[Exercise directions] Look below for the line that has "30 oz skinny"; output exactly from it through the line that has "[1214] ترجمة واصل", and leave the pictures out.

[Provided entries]
- - - -
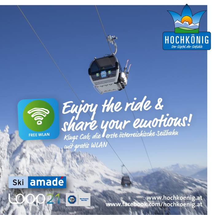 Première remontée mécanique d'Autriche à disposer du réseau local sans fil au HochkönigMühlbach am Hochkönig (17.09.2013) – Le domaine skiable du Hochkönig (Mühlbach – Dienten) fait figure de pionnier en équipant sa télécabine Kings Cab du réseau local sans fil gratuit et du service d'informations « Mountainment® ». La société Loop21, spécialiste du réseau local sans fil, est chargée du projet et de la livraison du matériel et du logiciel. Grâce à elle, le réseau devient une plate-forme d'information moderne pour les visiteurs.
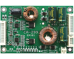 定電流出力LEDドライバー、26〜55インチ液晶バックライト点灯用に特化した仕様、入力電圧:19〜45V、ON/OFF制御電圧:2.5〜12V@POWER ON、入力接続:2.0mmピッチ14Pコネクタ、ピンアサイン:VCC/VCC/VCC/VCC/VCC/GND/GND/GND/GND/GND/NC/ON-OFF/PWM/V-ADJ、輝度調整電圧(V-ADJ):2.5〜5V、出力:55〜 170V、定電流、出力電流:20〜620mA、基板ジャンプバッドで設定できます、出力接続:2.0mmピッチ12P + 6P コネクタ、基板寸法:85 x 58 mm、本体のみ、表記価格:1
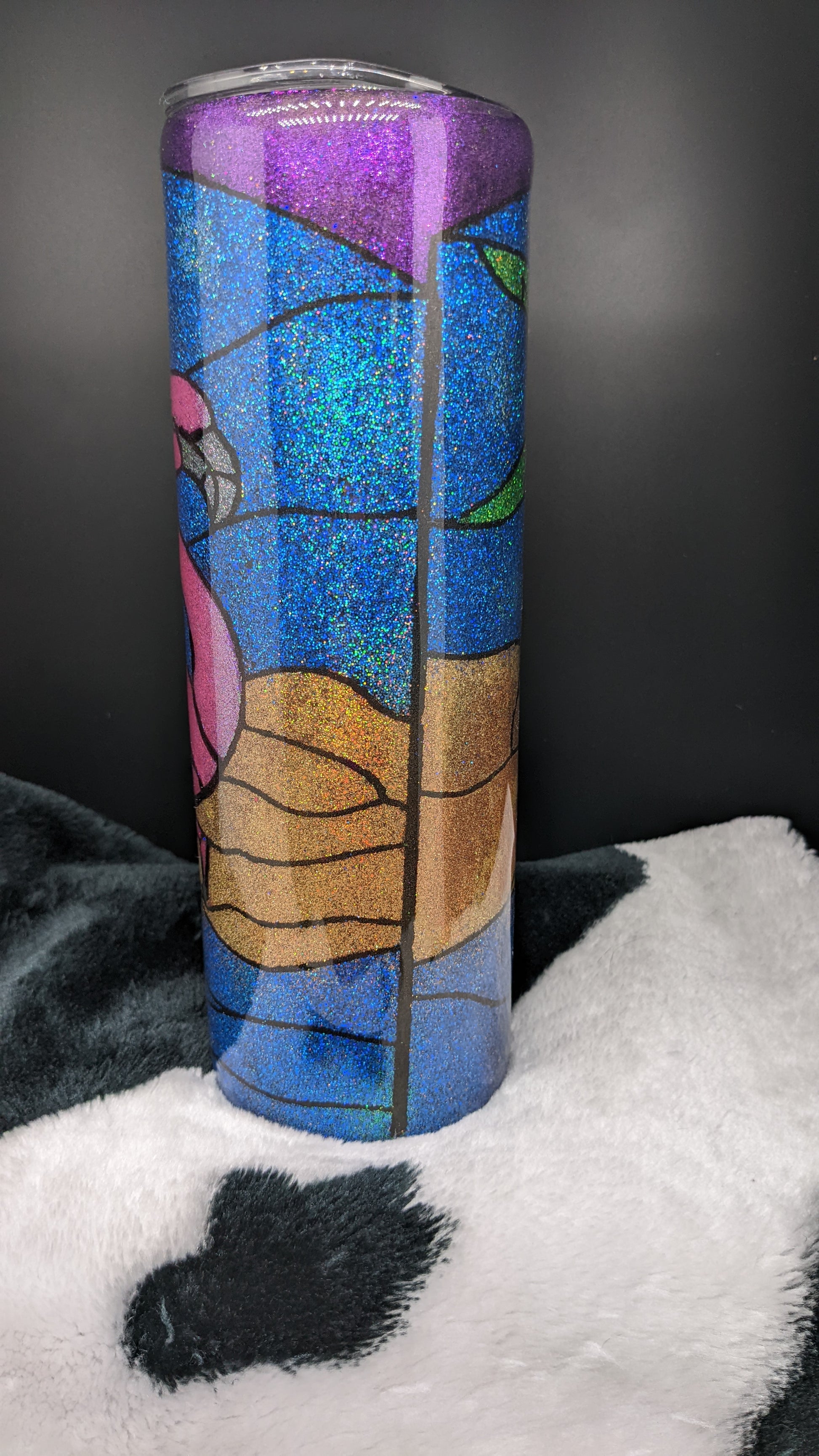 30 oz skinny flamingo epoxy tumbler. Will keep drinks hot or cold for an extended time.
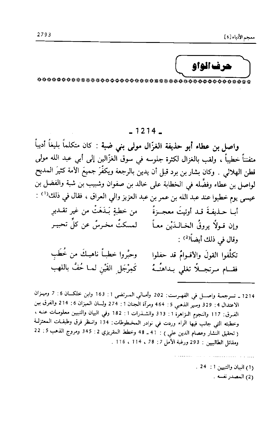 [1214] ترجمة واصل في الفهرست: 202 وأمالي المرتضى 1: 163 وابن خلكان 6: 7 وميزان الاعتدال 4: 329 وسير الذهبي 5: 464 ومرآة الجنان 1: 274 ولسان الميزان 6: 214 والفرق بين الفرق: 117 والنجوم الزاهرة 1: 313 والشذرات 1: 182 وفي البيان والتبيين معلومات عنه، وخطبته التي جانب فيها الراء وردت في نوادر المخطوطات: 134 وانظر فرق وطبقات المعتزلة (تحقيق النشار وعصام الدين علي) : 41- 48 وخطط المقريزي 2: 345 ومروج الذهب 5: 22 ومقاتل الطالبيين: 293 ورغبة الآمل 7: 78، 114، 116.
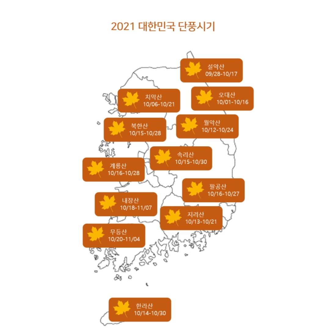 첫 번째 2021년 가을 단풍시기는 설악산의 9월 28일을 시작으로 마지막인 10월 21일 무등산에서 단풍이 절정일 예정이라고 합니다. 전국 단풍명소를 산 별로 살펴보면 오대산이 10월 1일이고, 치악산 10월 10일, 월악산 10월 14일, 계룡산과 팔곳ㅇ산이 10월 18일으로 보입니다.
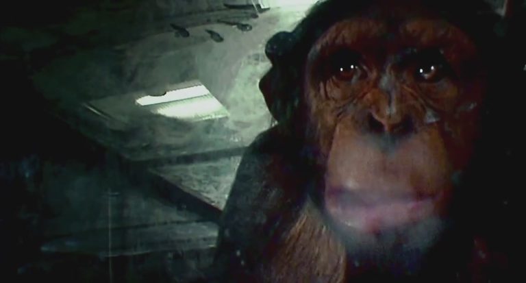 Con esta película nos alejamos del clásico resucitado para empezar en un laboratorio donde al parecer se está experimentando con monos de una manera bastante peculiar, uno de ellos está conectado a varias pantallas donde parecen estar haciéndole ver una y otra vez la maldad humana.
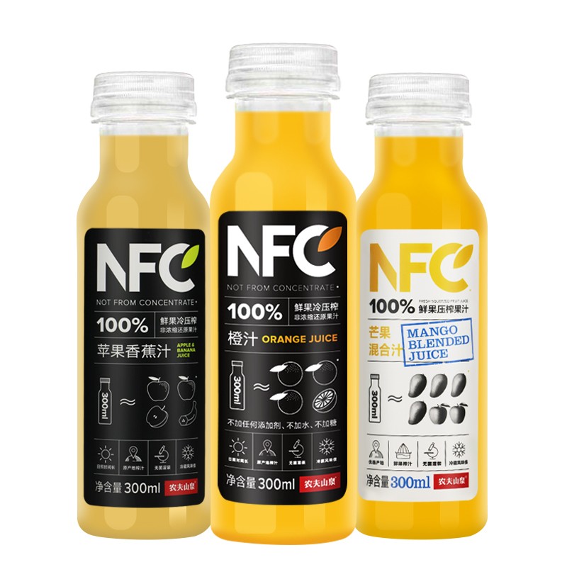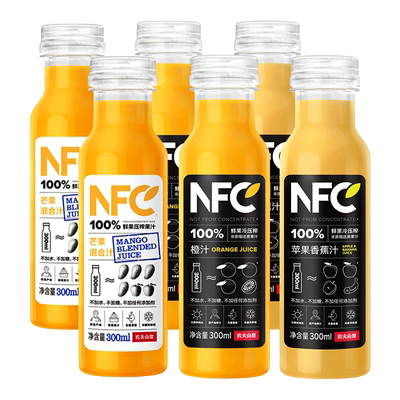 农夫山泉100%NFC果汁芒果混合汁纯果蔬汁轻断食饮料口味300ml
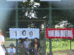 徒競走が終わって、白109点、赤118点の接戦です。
- - - -
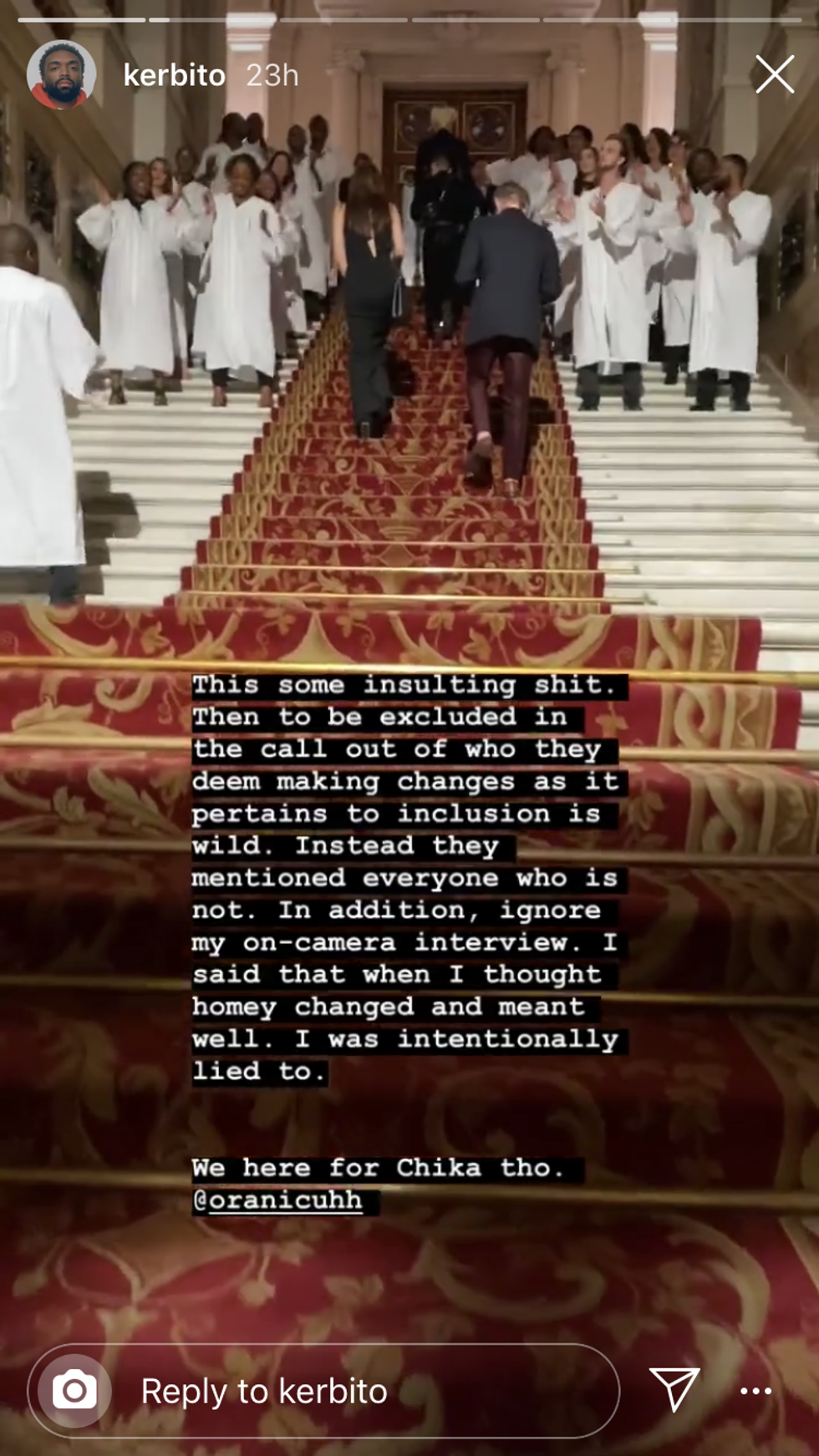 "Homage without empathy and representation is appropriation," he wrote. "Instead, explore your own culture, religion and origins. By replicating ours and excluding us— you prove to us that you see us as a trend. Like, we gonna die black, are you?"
- - - -
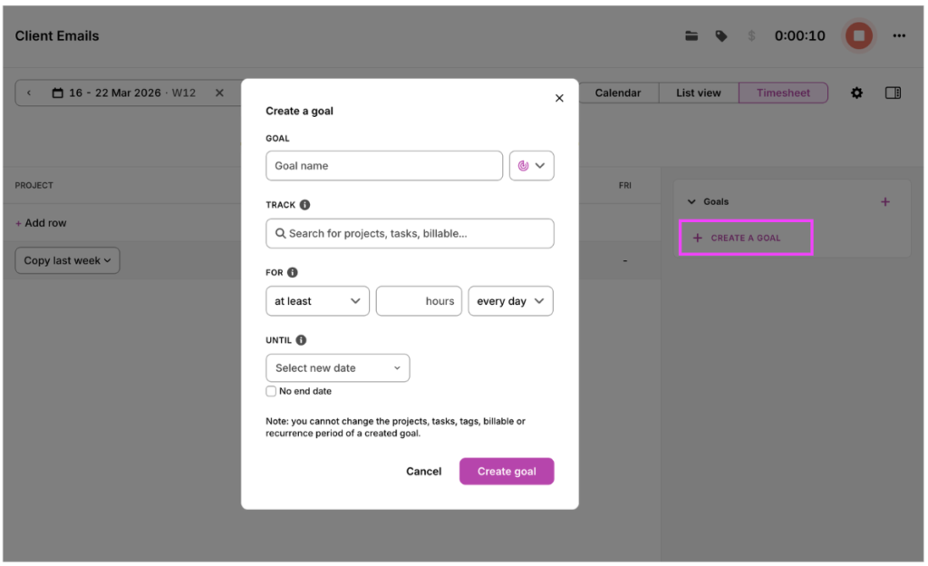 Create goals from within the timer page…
- - - -
[Result of the task]
 30 oz skinny flamingo epoxy tumbler. Will keep drinks hot or cold for an extended time.
 [1214] ترجمة واصل في الفهرست: 202 وأمالي المرتضى 1: 163 وابن خلكان 6: 7 وميزان الاعتدال 4: 329 وسير الذهبي 5: 464 ومرآة الجنان 1: 274 ولسان الميزان 6: 214 والفرق بين الفرق: 117 والنجوم الزاهرة 1: 313 والشذرات 1: 182 وفي البيان والتبيين معلومات عنه، وخطبته التي جانب فيها الراء وردت في نوادر المخطوطات: 134 وانظر فرق وطبقات المعتزلة (تحقيق النشار وعصام الدين علي) : 41- 48 وخطط المقريزي 2: 345 ومروج الذهب 5: 22 ومقاتل الطالبيين: 293 ورغبة الآمل 7: 78، 114، 116.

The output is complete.